The Opioid Crisis, Cost of Care, Medicaid Expansion

Background:


Access to comprehensive, affordable healthcare is vital to preventing and managing disease, reducing burdens of disability, and promoting the overall health of the population. Not only is equitable healthcare a matter of human rights, but it also creates a more productive and efficient workforce and takes financial burdens off of overburdened healthcare institutions.
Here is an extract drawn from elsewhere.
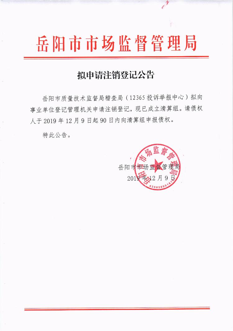 拟申请注销登记公告(岳阳市质量技术监督局稽查局12365投诉举报中心)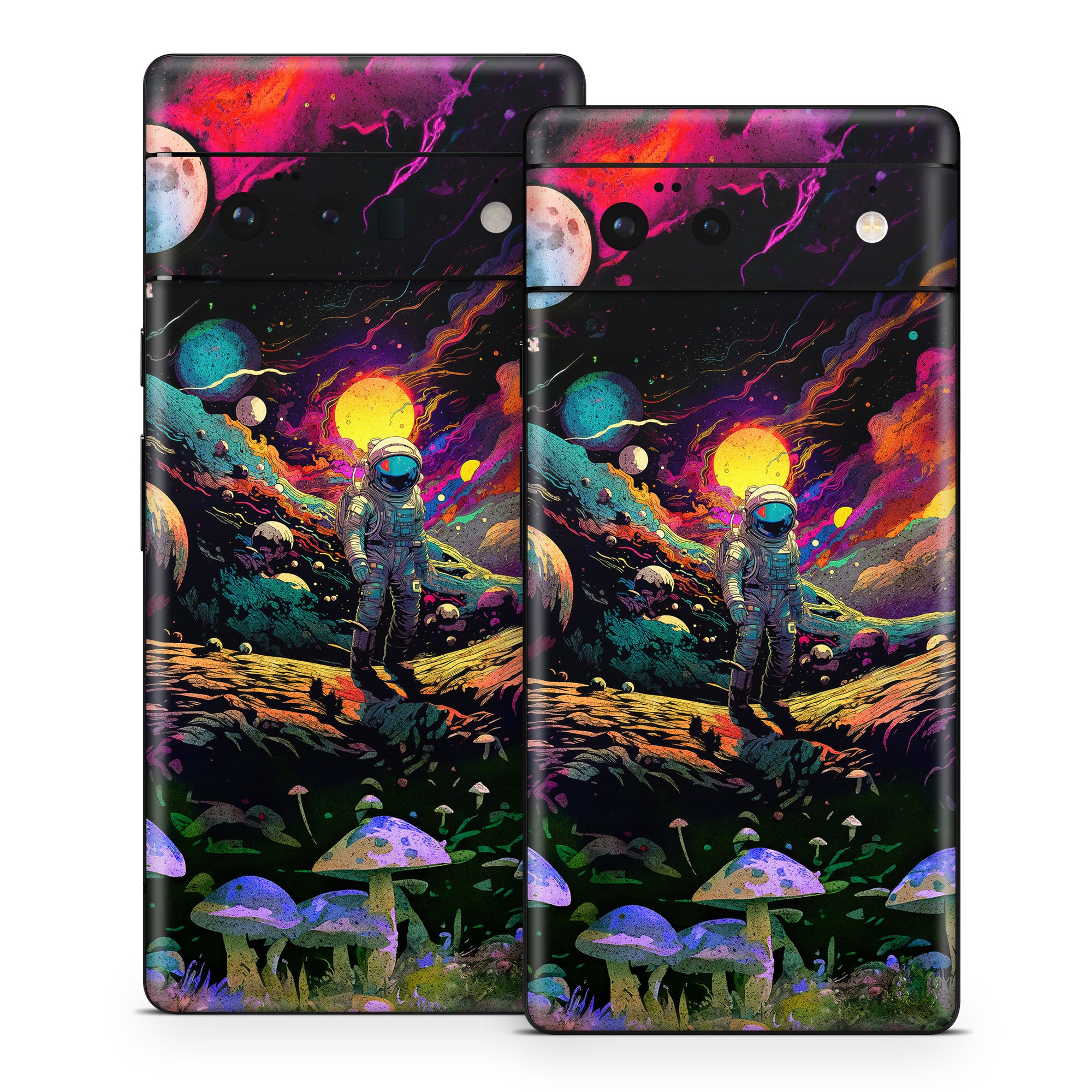 iStyles Google Pixel 6 Series Skin design of Light, Nature, Purple, Umbrella, Plant, Art, Terrestrial plant, Natural landscape, Astronomical object, Space, with black, white, purple, red, gray, orange, yellow, blue, green, brown colors, and tagged with space, people, fantasy, astronaut, plants, sun, moon, galaxy, mushrooms.

Approximately 323,000 Virginians will continue to be uninsured and will still have to rely on free clinics and emergency rooms, while many more will struggle to pay high insurance premiums, even with government assistance. Further still, those who do not qualify for government assistance and do not have an option through an employer will struggle to find reasonably priced insurance coverage. Opioid deaths are still ravaging Virginia, especially in rural areas. We hope that these issues and more will be addressed by the legislature next session.


Looking Back at 2019:


An impressively bipartisan effort to raise the age limit for purchasing tobacco and nicotine vapor products from 18 to 21 passed this year. HB2748 was a direct response to the growing number of teens who are becoming addicted to such products. The US Center for Disease Control has reported that the percentage of high school seniors who have used an e-cigarette in the last 30 days has risen from 11% in 2017 to 20% in 2018. Use at a young age often leads to lifelong addictions. This bill gained particular support from House Speaker Kirk Cox, who was a teacher and is familiar with the mounting number of tobacco addictions.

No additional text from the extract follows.